In [None]:
library(tidyverse) 
library(dplyr)
library(tidymodels)

In [None]:
download.file("https://raw.githubusercontent.com/matthewsans/DCSI-100-group-project/main/penguins_lter.csv", "penguins")
penguin_data <- read_csv("penguins")
head(penguin_data)


In [None]:
names(penguin_data)[13] <- "body_mass"
names(penguin_data)[2] <- "sample_number"
names(penguin_data)[10] <- "culmen_length"
names(penguin_data)[11] <- "culmen_depth"
names(penguin_data)[12] <- "flipper_length"
names(penguin_data)[13] <- "body_mass"
names(penguin_data)[3] <- "species"
names(penguin_data)[4] <- "region"
names(penguin_data)[5] <- "island"

set.seed(1234)
clean_penguin <- select(penguin_data, c(species, region, island, culmen_length, culmen_depth, flipper_length, body_mass))
clean_penguin <- clean_penguin |> mutate(species = as.factor(species))
head(clean_penguin)
split_penguin <- initial_split(clean_penguin, prop = 0.75, strata = species)
penguin_training <- training(split_penguin)  # USE FOR DATA VISUALATION/TRAINING
penguin_testing <- testing(split_penguin)    # DO NOT USE UNTIL FINAL TEST

Introduction
Backgroud Information: The Antarctic region which is characterized by its extreme climate and pristine wilderness, is a critical habitat for penguins. The dataset that is used in this project is collected in the Palmer Archipelago, which is situated off the western coast of the Antarctic Peninsula, and hosts three species of penguin. 

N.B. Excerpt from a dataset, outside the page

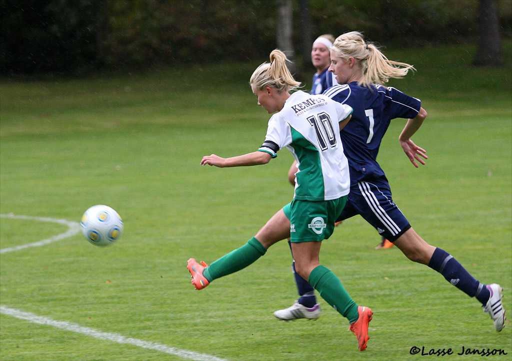Jag hann dock med att fota Tuns målskytt och framförallt målet. Erica Thorell, inte helt obekant målskytt, fick fatt på bollen och drar på sedvanligt manér iväg i högsta fart på vänsterkanten innan hon på ganska långt håll skjuter bollen över målvaktens fingrar och in i mål.

Research Question: The research question this project is going to answer is how to predict the species of penguin based on their culmen length (mm), culmen depth (mm), flipper length (mm), and body mass (g). To answer the research question, we utilize a comprehensive dataset containing information on the three penguin species which are Chinstrap, Adélie, and Gentoo.


Description of the Dataset: The dataset encompasses critical parameters, including species type, culmen length (mm), culmen depth (mm), flipper length (mm), body mass (g), island location (Dream, Torgersen, or Biscoe), and sex of individual penguins. This dataset, carefully collected and made available by Dr. Kristen Gorman and the Palmer Station, Antarctica LTER, a member of the Long Term Ecological Research Network, provides valuable insights into the ecological and morphological characteristics of penguin populations.


Methods:
For our question, we plan to predict Penguin Species (Adelie, Chinstrap, or Gentoo) by looking at the variables "culmen_length", "culmen_Depth", "flipper_length", and "body_mass". Each of these are numerical variables that should allow us to easily calculate the nearest neighbors. In this way, we should be able to predict a penguins species when given only the culmen length, culmen debth, flipper length, and body mass. One way that we plan to visualize these is by using multivariate histogram charts. We will plot the different variables individually on histogram charts and color the bars to represent the count from each penguin species. Then, we will line the charts up in a grid so they are easier to read. 

Expected outcomes and significance:
We expect to find that some penguin species typically have certain traits. For example, maybe one of the penguin species typically has the shortest culmen length. These findings could lend insight into the penguins evolution process. If we look at specific traits that have been developed over millions of years, we could perhaps get a better picture of what the world was like when they were evolving through the specific traits they developed. This could lead to future questions involving why certain penguin species developed differently than other penguin species and, in a similar vein, questions about where they will go from here.

In [None]:

penguin_mean <- penguin_training |>
      group_by(species) |>
      summarize(across(culmen_length:body_mass, mean, na.rm = TRUE))
colnames(penguin_mean)[2:7] <- c("mean_culmen_length", "mean_culmen_depth", "mean_flipper_length", "mean_body_mass")
head(penguin_mean)
penguin_na <- sum(is.na(penguin_training))
penguin_explore <- mutate(penguin_mean, total_na = penguin_na)

#Visualization
options(repr.plot.width = 8, repr.plot.length = 3)
penguin_visual <- ggplot(penguin_training, aes(x = flipper_length, y = culmen_length, color = species, shape = species)) +
    geom_point() + 
    labs(x = "Flipper Length (mm)", y = "Bill Length (mm)", color = "Species", shape = "Species") +
    ggtitle("Culmen and Flipper Lengths of Different Species") +
    theme(text = element_text(size = 12)) 
penguin_visual